Diastika Biotekindo (CHEK) Resmi IPO, Harga Saham Melesat 34,38% Apa Rencananya?
PT Diastika Biotekindo Tbk (CHEK) resmi mencatatkan saham perdana atau initial public offering (IPO) di Bursa Efek Indonesia (BEI) hari ini, Kamis (10/7). Perusahaan yang bergerak di sektor kesehatan ini menjadi emiten ke-19 di bursa pada 2025.
Pada debut perdananya, saham CHEK dibuka menembus batas atas atau Auto Reject Atas (ARA) melesat 34,38% ke level Rp 172 per lembar. Volume saham yang diperdagangkan tercatat 1,79 juta dengan nilai transaksinya Rp 307,50 juta. Lalu frekuensi perdagangannya tercatat sebanyak 2.122 kali. Adapun kapitalisasi pasar Diastika Biotekindo pagi ini senilai Rp 707,49 triliun.
Dalam penawaran umum perdana saham atau initial public offering/IPO, perusahaan mematok harga IPO Rp 128 per lembar dari rentang Rp 120-140 per lembar. Selain itu, dalam aksi korporasi ini, perusahaan melepas sebanyak 815 juta saham baru, yang setara dengan 20,04% dari total modal ditempatkan dan disetor penuh setelah IPO.
Dari aksi ini, perusahaan bakal meraup dana segar hingga Rp 104,32 miliar.

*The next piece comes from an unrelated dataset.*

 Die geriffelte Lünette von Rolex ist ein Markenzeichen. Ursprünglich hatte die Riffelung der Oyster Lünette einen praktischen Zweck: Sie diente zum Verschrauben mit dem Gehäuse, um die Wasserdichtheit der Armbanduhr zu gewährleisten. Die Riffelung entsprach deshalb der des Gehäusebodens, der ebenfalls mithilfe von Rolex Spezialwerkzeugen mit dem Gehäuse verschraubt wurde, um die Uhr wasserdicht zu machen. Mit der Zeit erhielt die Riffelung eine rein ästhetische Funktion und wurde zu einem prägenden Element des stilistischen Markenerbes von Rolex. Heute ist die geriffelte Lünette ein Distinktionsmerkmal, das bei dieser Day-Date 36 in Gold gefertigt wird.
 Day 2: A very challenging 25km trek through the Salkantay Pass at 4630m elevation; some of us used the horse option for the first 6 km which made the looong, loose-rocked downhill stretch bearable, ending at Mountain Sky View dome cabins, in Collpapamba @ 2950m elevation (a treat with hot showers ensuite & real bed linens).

Adapun CHEK menunjuk PT Lotus Andalan Sekuritas selaku penjamin pelaksana emisi efek.
Direktur Utama PT Diastika Biotekindo Tbk, FX Yoshua Raintjung, menyampaikan bahwa pencatatan saham perdana di Bursa Efek Indonesia merupakan bagian dari komitmen jangka panjang perusahaan untuk memperkuat struktur pendanaan perusahaan.

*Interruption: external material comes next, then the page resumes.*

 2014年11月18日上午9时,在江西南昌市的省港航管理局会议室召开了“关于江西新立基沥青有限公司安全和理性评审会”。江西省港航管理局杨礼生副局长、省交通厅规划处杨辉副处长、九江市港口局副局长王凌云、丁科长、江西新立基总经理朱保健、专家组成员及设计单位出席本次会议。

Tak hanya itu, ia mengatakan pendapatan bersih tumbuh 9,9% pada 2023 dan meningkat tajam 19,9% di akhir 2024. Pertumbuhan ini mencerminkan fundamental bisnis yang solid dan meningkatnya kepercayaan pasar terhadap prospek perusahaan. Ke depannya, perseroan menargetkan pertumbuhan 10–20% per tahun melalui ekspansi produk OEM seperti DB-hem3 dan reagen lokal, yang didukung sertifikasi TKDN dan proyek-proyek pemerintah dalam strategi sinergi produk global dan merek lokal.

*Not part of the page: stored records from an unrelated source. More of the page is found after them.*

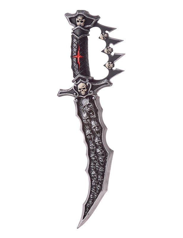 Lieferumfang: 1 Horror Dolch Klinge der Verdammten Halloween Accessoire schwarz-silber Farbe: Schwarz/Silber. Material: 100% Polyester. Größe: 40,5 cm. Um finstere Macht zu erlangen, muss jeder böse Magier, der etwas auf sich hält, ab und an Opfer bringen. Lebendige Opfer! Dieser Dolch hat schon so viele Seelen verschlungen, dass diese ihn verändert haben: Er ist nun eine Klinge der Verdammten! Dieses gruselige Halloween-Accessoire kommt direkt von California Costumes aus den USA! Das Design ist über jeden Zweifel erhaben! Auf der gezackten Klinge sind schreiende Seelen zu sehen und der Griff ist mit Totenschädeln und Stacheln besetzt! Von diesem Mordinstrument lässt man sich gerne ins Totenreich schicken ... oder etwa nicht Das perfekte Accessoire für jedes Halloween-Kostüm! Aber auch zu Karneval oder auf einer Kostümparty werden sie mit Ihren Opferritualen gewiss schnell Freunde finden! Achtung! Nicht für Kinder unter drei Jahren geeignet. Kann Kleinteile enthalten - Erstickungsgefahr.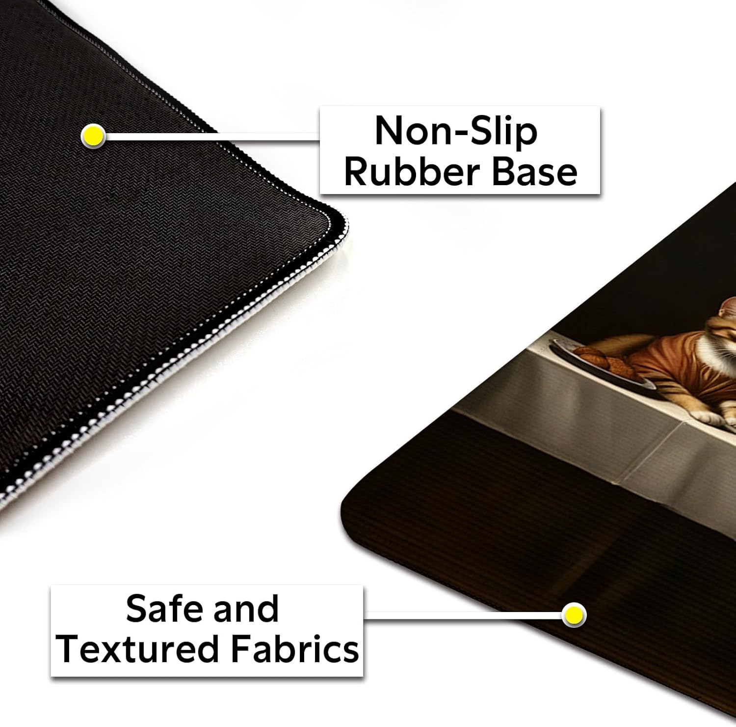 - Large Size:Funny Cat mouse pad measures 31.5 x 11.8 inches, providing ample space for your mouse, gaming keyboard, and other desk items while protecting your desk from scratches and stains.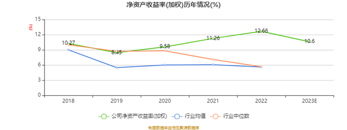 数据显示,2023年公司加权平均净资产收益率为10.6%,较上年同期下降2.06个百分点。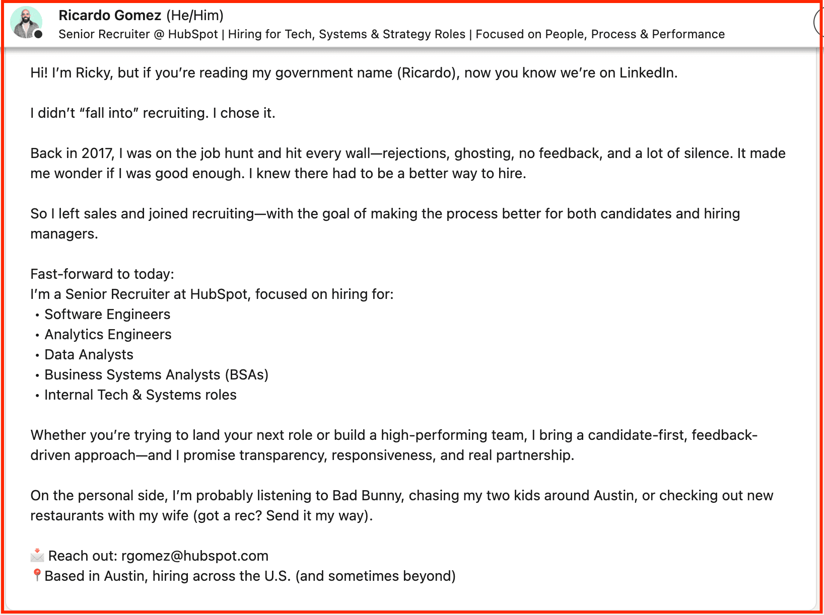 Ricardo Gomez keeps it real with a LinkedIn summary on how he attracts and retains top talent for his clients. Right from the start, we see her personal mission presented succinctly and effectively.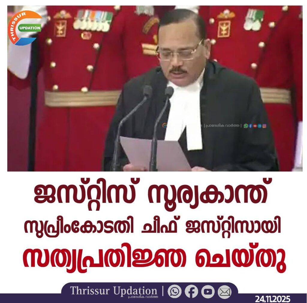 ഇന്ത്യയുടെ 53ാം ചീഫ് ജസ്റ്റിസായി ജസ്റ്റിസ് സൂര്യകാന്ത് സത്യപ്രതിജ്ഞ ചൊല്ലി ചുമതലയേറ്റു. രാഷ്ട്രപത്രി ദ്രൗപതി മുര്മു സത്യവാചകം ചൊല്ലിക്കൊടുത്തു. രാഷ്ട്രപതി ഭവനിലാണ് ചടങ്ങുകള്. പ്രധാനമന്ത്രി നരേന്ദ്രമോദി, ആഭ്യന്തര മന്ത്രി അമിത് ഷാ, പ്രതിരോധ മന്ത്രി രാജ് നാഥ് സിംഗ് ഉള്പ്പെടെയുള്ളവര് ചടങ്ങില് പങ്കെടുത്തു.ജമ്മുകശ്മീരിന് പ്രത്യേക പദവി നല്കുന്ന ആര്ട്ടിക്കിള് 370 റദ്ദാക്കല്, പെഗാസസ് ചാരക്കേസ്, ബീഹാര് വോട്ടര് പട്ടിക പരിഷ്കരണം അടക്കം സുപ്രധാന വിധികള് നടത്തിയ ജസ്റ്റിസ് ആണ് സൂര്യകാന്ത്. പ്രധാനമന്ത്രി നരേന്ദ്ര മോദിയുടെ 2022-ലെ പഞ്ചാബ് സന്ദര്ശനത്തിനിടെയുണ്ടായ സുരക്ഷാ വീഴ്ച അന്വേഷിക്കാന് മുന് സുപ്രീം കോടതി ജഡ്ജി ജസ്റ്റിസ് ഇന്ദു മല്ഹോത്രയുടെ നേതൃത്വത്തില് അഞ്ചംഗ സമിതിയെ നിയോഗിച്ച ബെഞ്ചില് ജസ്റ്റിസ് കാന്തും അംഗമായിരുന്നു.
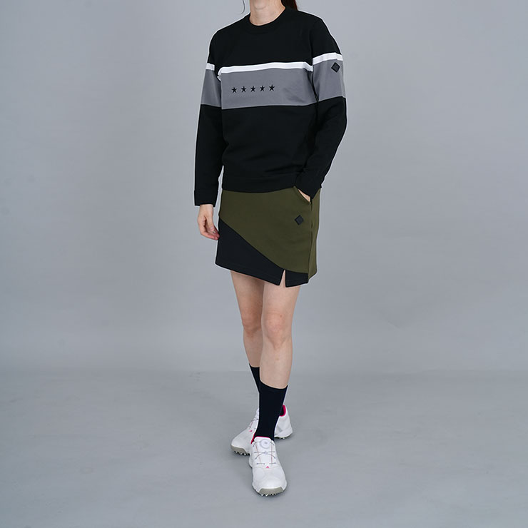 コース映えする切替デザインが特徴的なストレッチゴルフスカート。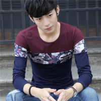 薇侣2017新品新款男士圆领长袖t恤男秋冬撞色大码修身韩版男装长T恤

“Saya optimistis dengan prospek Industri Kesehatan saat ini, Pasar alat kesehatan dan diagnostik molekuler di Indonesia tumbuh pesat pasca-COVID dan seiring tren personalisasi pengobatan,” kata Yoshua, Kamis (10/7).
Rencana CHEK Usai IPO
Perusahaan berencana mengalokasikan seluruh dana yang diperoleh dari hasil penawaran umum perdana saham (IPO), setelah dikurangi biaya emisi, untuk kebutuhan modal kerja. Dana tersebut akan digunakan untuk mendukung operasional perusahaan, termasuk pembelian barang dagangan, biaya angkut, biaya kantor, biaya penjualan, sewa, dan pengeluaran lainnya.
Penggunaan dana ini sejalan dengan rencana perseroan untuk berpartisipasi dalam proyek pengadaan yang dicanangkan Kementerian Kesehatan, yaitu program SIHREN (Strengthening Indonesia’s Healthcare Referral Network), SOPHI (Strengthening of Primary Healthcare in Indonesia), dan InPLUS (Indonesia – Public Laboratory System Strengthening) dengan estimasi nilai proyek mencapai Rp 100 miliar.
Pembelian barang dari pemasok untuk proyek tersebut mengharuskan pembayaran di muka, perseroan menilai hasil IPO dapat menjadi solusi pendanaan yang tepat untuk memenuhi kebutuhan pembelian persediaan.
Hingga pertengahan Juni 2025, proses tender masih berada dalam tahap evaluasi teknis dan administratif, sementara CHEK telah menyerahkan seluruh dokumen persyaratan yang dibutuhkan, termasuk dokumen teknis, administratif, dan bukti pendukung kualifikasi.
“Perseroan saat ini masih berada dalam posisi yang dipertimbangkan dan dinyatakan memenuhi syarat administrasi awal (eligible), namun belum memasuki tahap negosiasi harga ataupun penetapan pemenang,” demikian tertulis dalam prospektus, Jumat (20/6).